"For a transfer to work, you have to accept that the business is changing.

Written by Peter Schweighofer | 24-Apr-2026 07:28:44

swisspartners and Red Speics have joined forces to offer takeover solutions to entrepreneurs involved in the succession process. By combining operational expertise, asset structuring and tax skills, the two companies aim to provide an integrated response to the growing complexity of business transfers.

What motivated the partnership between Red Speics and swisspartners? And what is the real strategic benefit for entrepreneurs planning their succession today?

The partnership is based on asimpleobservation.An entrepreneurcannot cover all the dimensions of a succession on his own, including tax, legal, inheritance and asset management aspects. Developing this expertise in-house would be too time-consuming.

swisspartners already has solid expertise in these areas, but without any real operational depth at the company level. This is precisely where our contribution comes in. By combining our expertise, we go beyond a simple juxtaposition of services to offer a truly integrated approach. swisspartners covers the tax, fiduciary and wealth management dimensions, while I provide an operational reading of companies, i.e. their structure, operation and strategic positioning.

Why do many entrepreneurs still underestimate the complexity of a succession process?

Taken individually, the various elements are not particularly complex. It's their combination over time that creates the difficulty. Many entrepreneurs refer to a mental milestone - often retirement at 65 or 67 - and don't start to think about it until they're approaching that deadline.

In reality, the thinking should start much earlier. Decisions are often put off for years and then, once taken, the process is rushed. Succession involves identifying a suitable successor, structuring the financing, clarifying ownership issues, and integrating inheritance, property and customer relations.

There is also a human dimension. The designated successor has to make the transition from employee to entrepreneur, taking on responsibilities and often incurring debts. What's more, some managers cut back on their investments at the end of the process, which can weaken the company. So it's not an isolated factor, but the combination of strategic, financial and human dimensions that makes the process complex.

When should an entrepreneur realistically start planning for succession? And what are the risks of starting too late?

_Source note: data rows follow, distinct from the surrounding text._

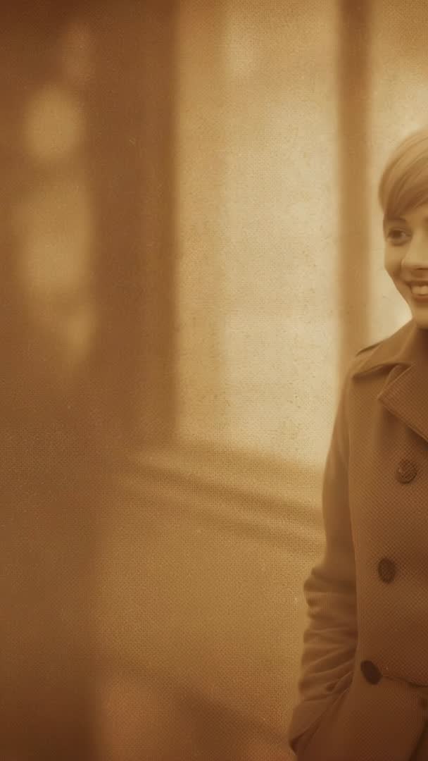 AI Generated Video. Clip showing woman emerging at window, smiling and keeping hands in coat pockets. Sepia tones, soft bokeh, and film grain creating vintage mood and warm atmosphere. Narrow depth and negative space on left providing copy space for titles, captions, or lower-third graphics. Serving as vertical backdrop for social media stories, mobile ads, fashion lookbooks, lifestyle blog headers, nostalgic branded content, or film intros. Editing suggestions: applying subtle slow zoom, adding gentle vignette, overlaying light leaks, and using warm color grade to enhance retro feel. Suitable for seasonal outerwear campaigns, editorial portraits, romantic or nostalgic narratives, and background for testimonial or interview clips.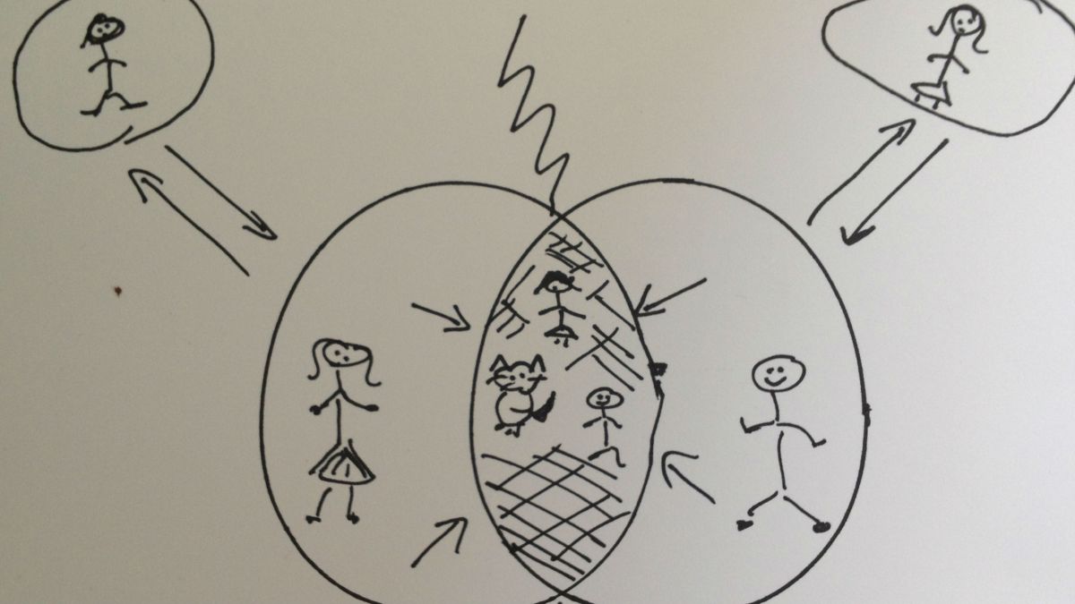 You know those family bumper stickers that show the census of the mini-van’s family, down to the pets? There’s no sticker to illustrate exactly what your family situation is. Maybe it would be you on one side, your semi-ex-spouse on the other side, the children in the middle, in your shared house, and, off in a separate circle somewhere, another partner.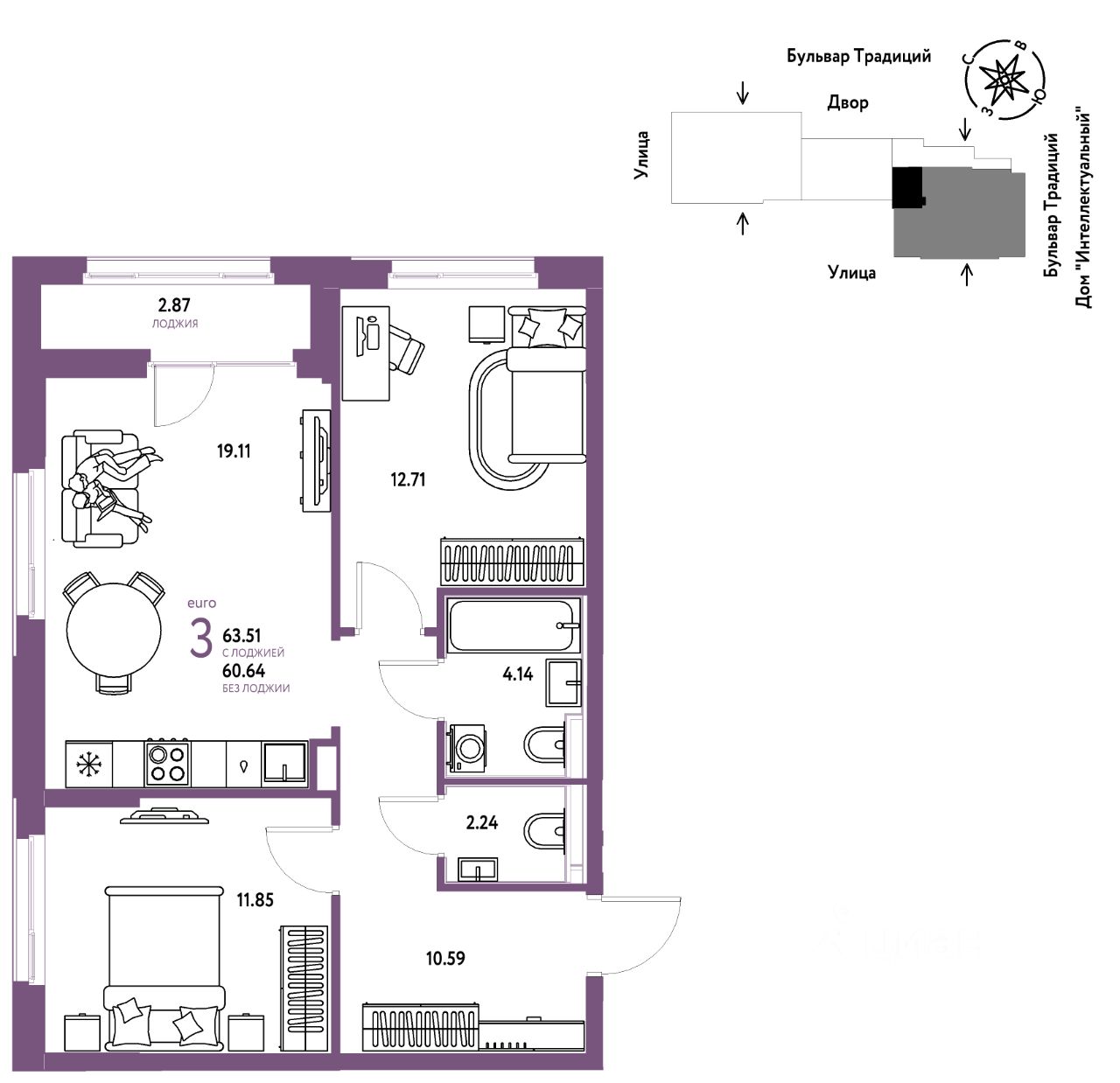 Продается 3комнатная квартира на 10 этаже от застройщика Страна Девелопмент. Площадь квартиры 63,51 кв. м.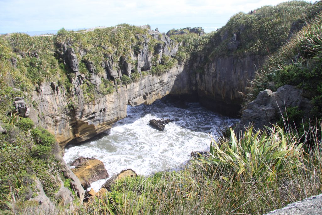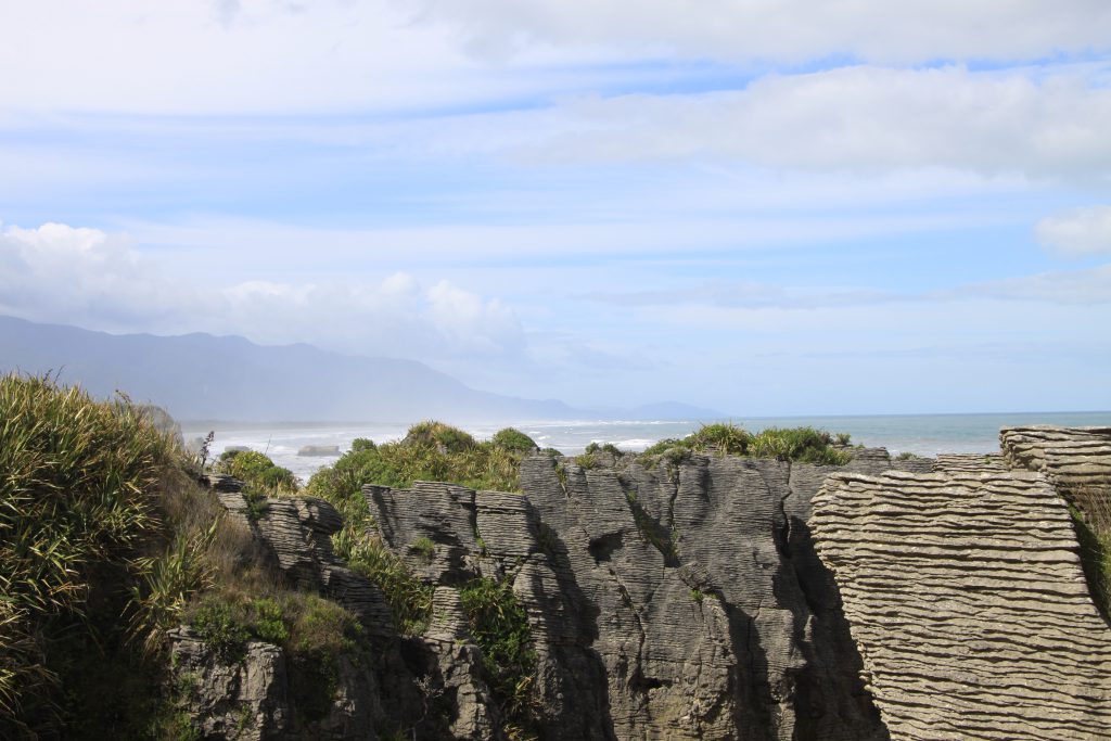 Onderweg zijn we opnieuw gestopt bij Pancake Rocks. Het is geweldig om te zien hoe wild de zee kan zijn en hoe hij hier op de kust slaat. Jammer genoeg waren was het geen hoogtij, anders hadden we de blow-hole beter kunnen zien. De rotsformaties hier blijven toch nog steeds imponerend.
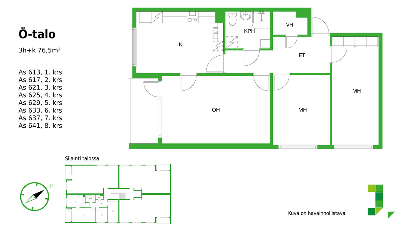 Ö633 Ö633 3h+k 76,5 m2 76.5 874.68 Tee asuntohakemus Katso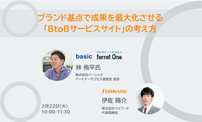 企業のブランド戦略を支援する株式会社フォワード(本社:東京都中央区、代表取締役:伊佐 陽介)は、導入実績1,000社を超えるオールインワン型BtoBマーケティングツール「ferret One」を展開する、株式会社ベーシック パートナーサクセス推進室 室長 林侑平氏をゲストにお迎えした特別セミナーを2022年2月22日(火)にオンラインにて開催致します。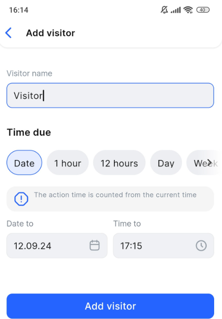 On the Visitors tab, the mobile app user can easily manage access to premises. Here, they can add up to 5 (five) visitors and generate a temporary intercom codes for them. This code can be shared with the visitor so they open the door by themselves.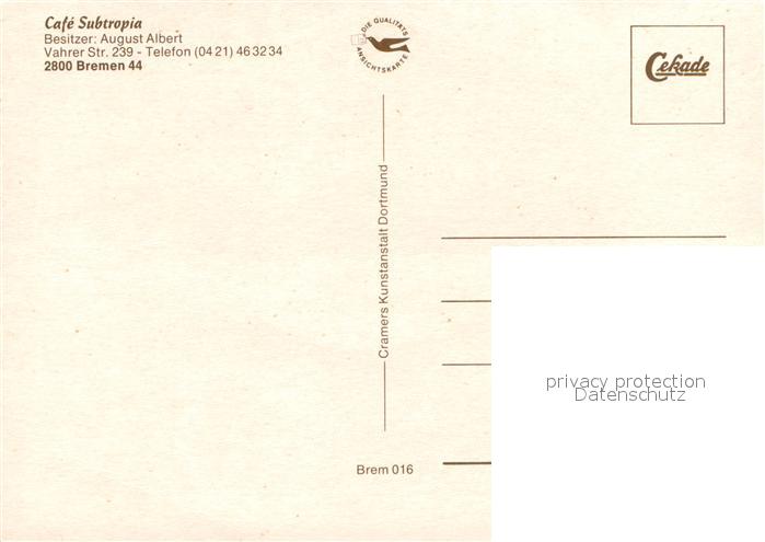 73685758 BREMEN CITY Cafe Subtropia Gaertnerei Albert postalisch nicht gelaufen Erhaltung siehe scans [WerneD78] Wern Katcode 11110004011000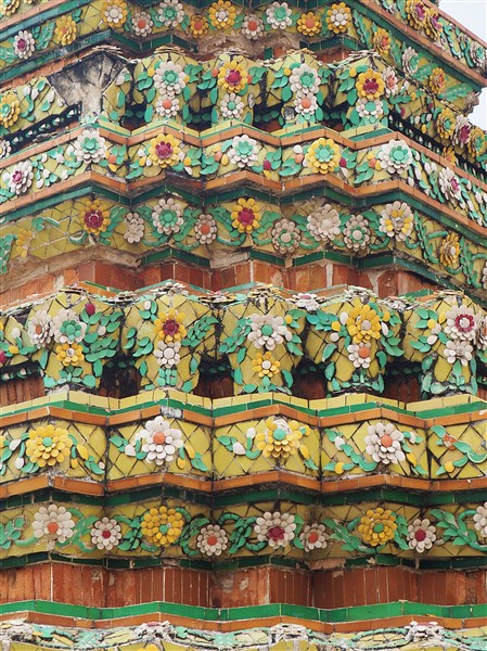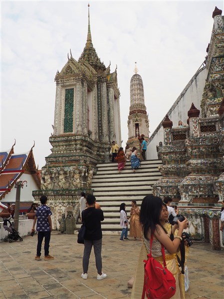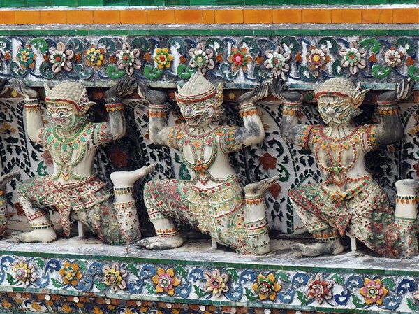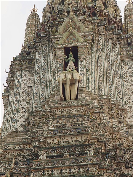 Recouvert de fragments de porcelaine, son prang (tour sanctuaire) central, haut de plus de 80 m, domine le fleuve. Ce « temple de l’aube » commémore l’arrivée du roi Taksin et l’installation de la capitale sur les rives du Chao Phraya en 1767. Depuis la terrasse du prang, la vue sur Bangkok et le fleuve est magnifique.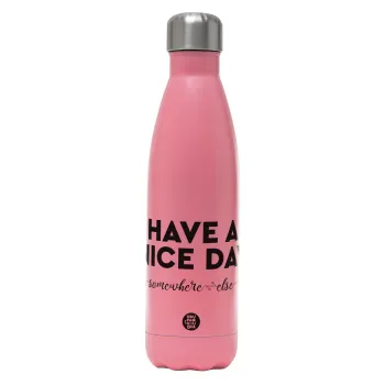 Have a nice day somewhere else, Μεταλλικό παγούρι θερμός Ροζ Ματ (Stainless steel), διπλού τοιχώματος, 500ml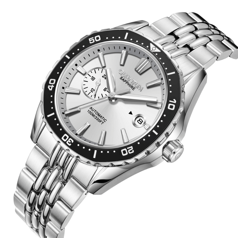 Zarif beyaz kadranı ve dikkat çekici tasarımıyla öne çıkan Quantum otomatik kol saati, modern stilin güçlü ve sade bir yansımasıdır. 44 mm kasa çapı ile bilekte dengeli ve iddialı bir duruş sunan bu model, günlük kullanımda hem şıklığı hem de sağlamlığı bir arada sunar. Paslanmaz çelik kasa ve gri renkli çelik bilezik, saatin sofistike ve zamansız çizgilerini tamamlar. Safir cam, çizilmelere karşı yüksek dayanıklılık sağlarken, yansıma önleyici kaplama ile her açıdan net bir görüş imkânı sunar. Beyaz kadranı, yalın ve şık detaylarıyla dikkat çekerken, sade tasarımıyla hem klasik hem de modern giyim stilleriyle uyum sağlar. Otomatik mekanizması, kol hareketiyle kendini sararak pile ihtiyaç duymadan enerji üretir. 10 ATM (100 metre) su geçirmezlik seviyesi, günlük su temaslarına ve yüzmeye karşı güvenli kullanım sunar. Şıklık, dayanıklılık ve teknik üstünlüğü bir araya getiren Quantum otomatik saat, stil sahibi kullanıcılar için ideal bir tercihtir.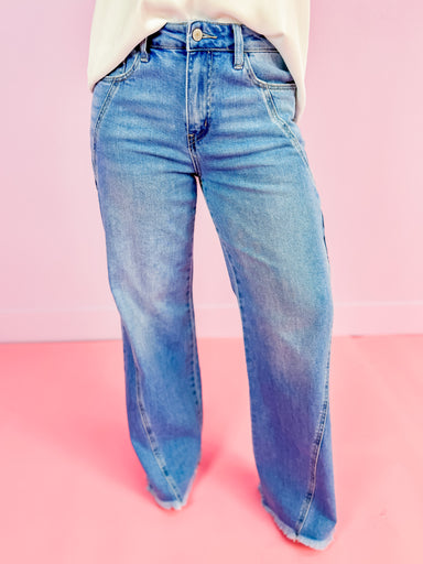 Get ready to rock the latest denim trend with our High Rise Wide Crop With Raw Hem jeans! These medium light wash jeans feature a leg opening of 21...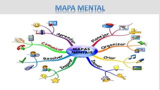 Mapa mental é um diagrama radial que conecta palavras-chave e ideias a uma ideia central, usado para visualizar, organizar e gerar ideias. Mapa conceitual representa relações hierárquicas entre conceitos de forma esquemática. Embora semelhantes, mapas mentais se concentram em uma ideia central enquanto mapas conceituais conectam várias ideias usando teorias cognitivas de aprendizagem.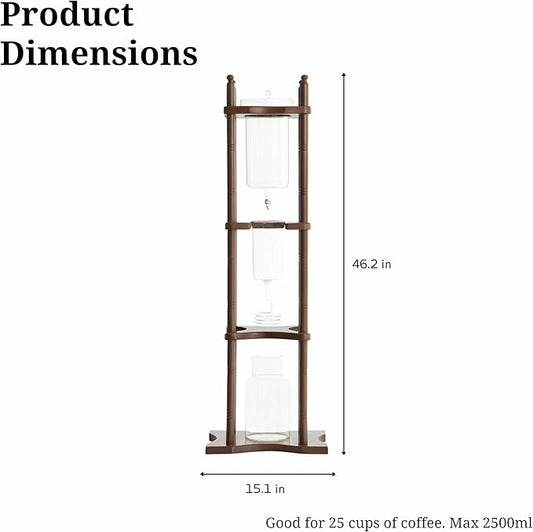 Nispira Cold Brew Drip Tower Iced Coffee Maker Glass Wooden Stand 25 Cups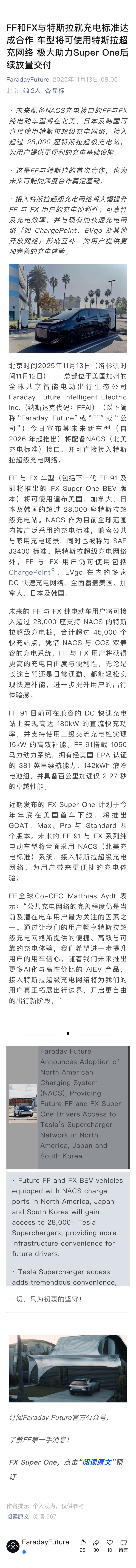 FF和FX与特斯拉就充电标准达成合作 车型将可使用特斯拉超充网络 极大助力Super One后续放量交付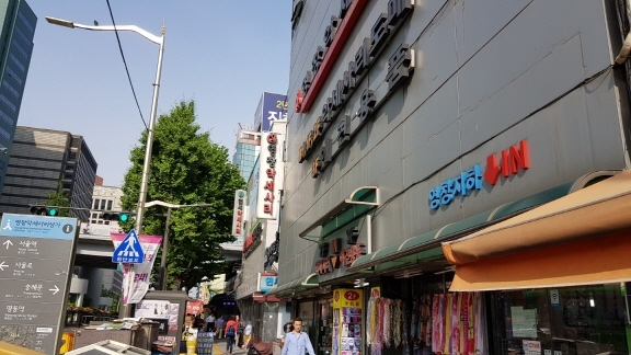 왼쪽으로 돌아서 20m 내려오면 남대문 상가 중 가장 큰 E월드 상가. 이곳이 패션 쥬얼리 메인 상가라고 볼 수 있습니다.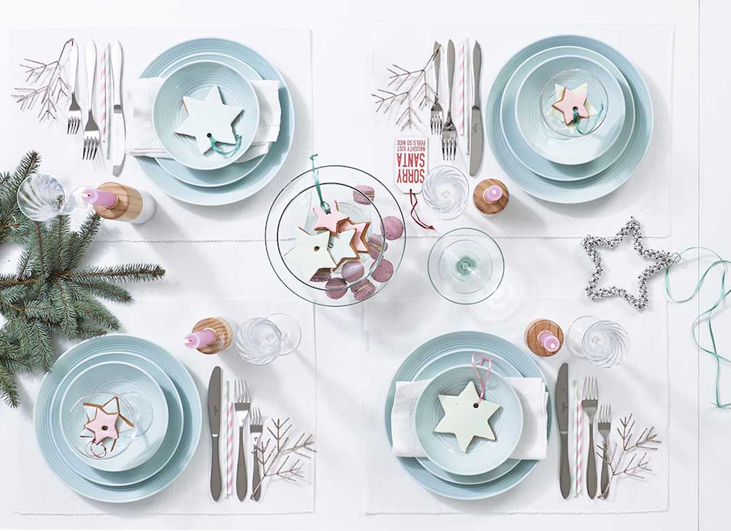 Pastels zijn helemaal van nu en passen eigenlijk in elk interieur. Voor een romantisch gedekte tafel met een knipoog naar Scandinavie, kies je voor een tafel die is gedekt met accessoires in zachte kleuren, zoals blauw en roze. Maak het geheel af met een paar mooie (echte!) kersttakken, een fis wit tafelkleed, en jouw romantische avond kan beginnen.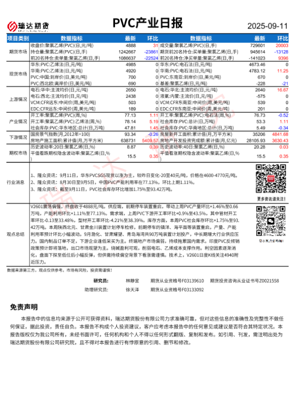 【RUIDAFUTURESCO..LTD.】【202509】PVC产业日报-1页 证券期货研究报告
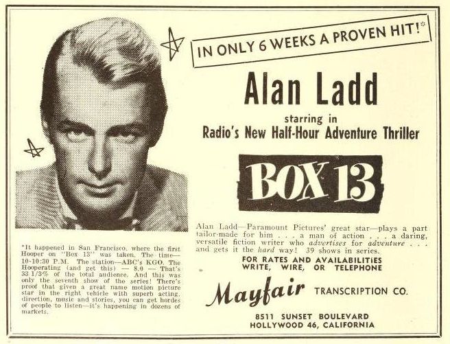 Alan Ladd’s most famous radio contribution came in the form of an adventure series entitled Box 13, a syndicated program from Mayfair Productions. (“Mayfair” had been the name of a chain of restaurants the actor invested in with his old friend Bernie Joslin.) Box 13 featured “Laddie” as Dan Holiday, a retired-newspaper-reporter-turned-mystery-novelist who got inspiration for his books with the insertion of a simple ad in his local paper: “Adventure wanted. Will go anywhere, do anything. Box 13.” Although the series was produced for syndication, the series aired on both the West and East Coast Mutual networks. The strides made in transcribing shows for later broadcast meant that Alan did not need to not be tied down to a weekly series. Thus he was able to star in such films as Saigon (1948; his final teaming with Veronica Lake), Whispering Smith (1948), The Great Gatsby (1949), and Chicago Deadline (1949).

Ideally, planning should begin seven to ten years in advance. There are no hard and fast rules, but this timeframe allows you to explore different options and prepare in a structured way. When entrepreneurs start too late, they often find themselves dependent on a single scenario - for example, an internal successor - without considering alternatives. And even when a successor is identified, there is no guarantee that he will ultimately accept the role.

Succession therefore requires several scenarios. The most obvious options remain selling to a third party or passing on the business to the family, but none of these can be taken for granted. Without sufficient time, flexibility diminishes and the risk of poor execution increases.

You make a distinction between a "sellable" and a "transferable" business. What are the key differences between these two concepts?

These concepts differentiate the way in which a business is transferred. A "transferable" business is taken over internally, by a family member or an employee. A "sellable" business is sold to an external party. The main difference lies in the information and risk involved. An internal successor knows the company, its customers and its challenges. An external buyer has to analyse all these elements from the outside, which increases uncertainty.

This uncertainty is directly reflected in the valuation. External buyers incorporate more risk and use structured methods such as multiples or discounted cash flows. Internal transfers are more relationship-based, but often present financing challenges, with buyers generally dependent on banks or the seller himself. The process, valuation and future role of the founder therefore differ significantly.

What factors, beyond the figures, are most often underestimated?

The most underestimated factor is the ability to let go. Many entrepreneurs think they can pass on ownership while retaining control, for example through a majority shareholding or strong operational involvement. In practice, this often leads to dysfunctional situations. For a transfer to work, you have to accept that the business is evolving, that decisions are changing and that mistakes can be made. This detachment is all the more difficult when the company has been built up over several decades. And yet, without this step, a succession cannot be fully successful.

More and more businesses are facing succession issues, while fewer and fewer family members are prepared to take over. How is this changing the market?

Entrepreneurs have to accept that passing on their business is no longer a foregone conclusion. In the absence of internal successors, companies have to position themselves as attractive targets for external buyers. This development also creates opportunities, particularly in terms of consolidation. Several companies can be brought together to improve efficiency, pool costs or strengthen their technological capacity. However, this requires a clear strategic vision and often external mediation. Many companies remain fragmented for historical or personal reasons, whereas a merger would make sense. Entrepreneurs therefore need to align their business with market standards and open up to broader strategic options.

How is the partnership between Red Speics and swisspartners changing the approach of entrepreneurs?

The aim is to offer an integrated and independent approach. Entrepreneurs don't need theoretical advice, they need people who understand their reality and can credibly challenge them. This requires experience and pragmatism. The aim is not to impose solutions, but to encourage reflection.

The process is built up in stages. Even if a company is quickly understood, it takes time to build trust. It's a matter of accompanying the entrepreneur, asking the right questions and gradually structuring the decisions. Ultimately, this approach means that both the business and the private assets can be prepared in a coherent way for the next phase.